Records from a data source
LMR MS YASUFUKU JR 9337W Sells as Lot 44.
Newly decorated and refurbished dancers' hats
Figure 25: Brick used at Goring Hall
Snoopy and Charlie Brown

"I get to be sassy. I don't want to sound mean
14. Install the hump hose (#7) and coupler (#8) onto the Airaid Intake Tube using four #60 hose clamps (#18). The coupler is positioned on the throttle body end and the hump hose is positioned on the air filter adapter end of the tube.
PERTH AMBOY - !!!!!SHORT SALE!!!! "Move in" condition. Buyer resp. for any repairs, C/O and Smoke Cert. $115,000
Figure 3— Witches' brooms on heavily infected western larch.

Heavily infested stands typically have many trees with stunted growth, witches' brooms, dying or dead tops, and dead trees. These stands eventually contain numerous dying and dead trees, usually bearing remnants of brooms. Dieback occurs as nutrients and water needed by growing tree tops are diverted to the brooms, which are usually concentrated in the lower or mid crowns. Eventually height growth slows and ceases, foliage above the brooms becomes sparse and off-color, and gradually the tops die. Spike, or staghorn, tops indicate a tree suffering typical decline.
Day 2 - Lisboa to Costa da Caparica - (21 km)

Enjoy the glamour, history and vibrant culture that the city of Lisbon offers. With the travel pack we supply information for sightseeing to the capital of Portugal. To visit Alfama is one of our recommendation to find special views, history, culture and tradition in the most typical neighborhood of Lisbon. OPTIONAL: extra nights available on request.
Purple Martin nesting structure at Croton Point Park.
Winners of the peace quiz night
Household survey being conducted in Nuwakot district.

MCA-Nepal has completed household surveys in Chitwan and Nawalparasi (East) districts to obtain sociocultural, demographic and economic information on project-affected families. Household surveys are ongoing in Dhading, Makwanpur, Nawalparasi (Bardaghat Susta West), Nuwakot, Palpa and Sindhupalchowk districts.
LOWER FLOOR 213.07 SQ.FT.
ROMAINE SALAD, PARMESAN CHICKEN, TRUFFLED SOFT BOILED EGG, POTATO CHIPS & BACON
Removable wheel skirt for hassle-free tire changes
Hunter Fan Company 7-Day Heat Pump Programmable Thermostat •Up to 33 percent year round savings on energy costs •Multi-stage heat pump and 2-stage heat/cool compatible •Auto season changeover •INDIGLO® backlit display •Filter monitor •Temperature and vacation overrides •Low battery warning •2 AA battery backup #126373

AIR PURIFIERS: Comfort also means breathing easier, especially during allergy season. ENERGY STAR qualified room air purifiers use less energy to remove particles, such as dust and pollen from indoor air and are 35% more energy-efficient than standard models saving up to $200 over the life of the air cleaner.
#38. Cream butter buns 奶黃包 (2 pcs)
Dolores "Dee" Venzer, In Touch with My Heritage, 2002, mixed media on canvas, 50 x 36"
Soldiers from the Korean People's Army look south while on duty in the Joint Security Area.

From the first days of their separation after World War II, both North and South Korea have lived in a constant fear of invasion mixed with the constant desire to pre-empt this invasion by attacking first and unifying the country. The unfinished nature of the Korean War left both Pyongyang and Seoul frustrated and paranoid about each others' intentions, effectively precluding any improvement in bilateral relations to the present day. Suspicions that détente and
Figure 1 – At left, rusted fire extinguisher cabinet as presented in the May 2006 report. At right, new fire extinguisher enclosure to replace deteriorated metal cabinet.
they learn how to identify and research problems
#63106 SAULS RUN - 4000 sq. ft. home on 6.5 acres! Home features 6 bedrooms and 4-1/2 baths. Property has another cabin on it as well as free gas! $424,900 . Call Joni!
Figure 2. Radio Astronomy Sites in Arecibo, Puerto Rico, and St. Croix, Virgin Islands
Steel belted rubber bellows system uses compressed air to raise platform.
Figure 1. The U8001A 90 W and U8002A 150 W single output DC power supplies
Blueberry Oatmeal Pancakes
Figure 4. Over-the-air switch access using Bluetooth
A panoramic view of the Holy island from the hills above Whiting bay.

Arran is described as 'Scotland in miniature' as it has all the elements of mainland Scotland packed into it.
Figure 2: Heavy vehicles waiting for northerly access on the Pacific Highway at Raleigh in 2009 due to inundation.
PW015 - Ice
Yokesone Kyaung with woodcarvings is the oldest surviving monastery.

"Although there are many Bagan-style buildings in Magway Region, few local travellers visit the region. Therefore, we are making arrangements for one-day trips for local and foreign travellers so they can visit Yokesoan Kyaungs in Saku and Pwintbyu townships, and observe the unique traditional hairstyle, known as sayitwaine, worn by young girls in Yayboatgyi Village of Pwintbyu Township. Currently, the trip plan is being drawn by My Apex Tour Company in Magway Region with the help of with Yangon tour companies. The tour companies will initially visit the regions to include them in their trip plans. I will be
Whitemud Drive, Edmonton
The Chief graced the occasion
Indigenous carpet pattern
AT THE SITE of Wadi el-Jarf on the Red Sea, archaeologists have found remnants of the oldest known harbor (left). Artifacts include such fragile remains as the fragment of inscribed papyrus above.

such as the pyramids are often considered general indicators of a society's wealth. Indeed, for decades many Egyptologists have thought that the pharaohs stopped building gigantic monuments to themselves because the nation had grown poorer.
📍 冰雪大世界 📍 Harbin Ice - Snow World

TASK REQUIREMENTS: A verbatim transcription is needed of the lines above, starting at the line with "#38. Cream butter buns 奶黃包 (2 pcs)" and ending at the line with "Soldiers from the", both included, and of nothing else.

TASK ANSWER:
#38. Cream butter buns 奶黃包 (2 pcs)
Dolores "Dee" Venzer, In Touch with My Heritage, 2002, mixed media on canvas, 50 x 36"
Soldiers from the Korean People's Army look south while on duty in the Joint Security Area.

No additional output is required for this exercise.